EXERCISE DATA —
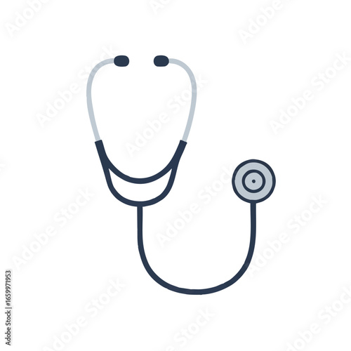 A clean 2D flat vector illustration of a professional medical stethoscope, rendered with minimalist lines and solid colors, isolated on a pure white background.
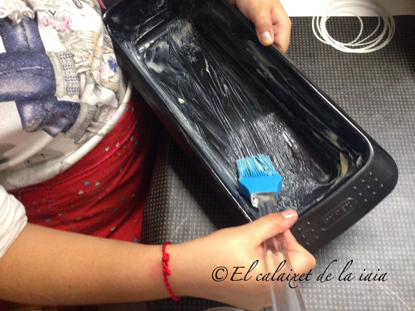 Untamos un molde con mantequilla y si el interior no es de teflón de calidad, espolvoreamos con harina encima de la mantequilla. Ponemos a calentar el horno a 180º
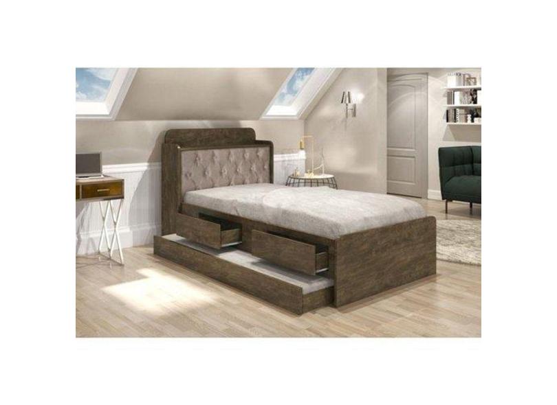 Cama Tamires Solteiro 0.88cm Com Auxiliar Castanho Com Capitonê Bege Dois Colchões- Cambel

EXERCISE GOAL —
Without including any picture, output all the material exactly as it appears.

RESULT BELOW —
 A clean 2D flat vector illustration of a professional medical stethoscope, rendered with minimalist lines and solid colors, isolated on a pure white background.
 Untamos un molde con mantequilla y si el interior no es de teflón de calidad, espolvoreamos con harina encima de la mantequilla. Ponemos a calentar el horno a 180º
 Cama Tamires Solteiro 0.88cm Com Auxiliar Castanho Com Capitonê Bege Dois Colchões- Cambel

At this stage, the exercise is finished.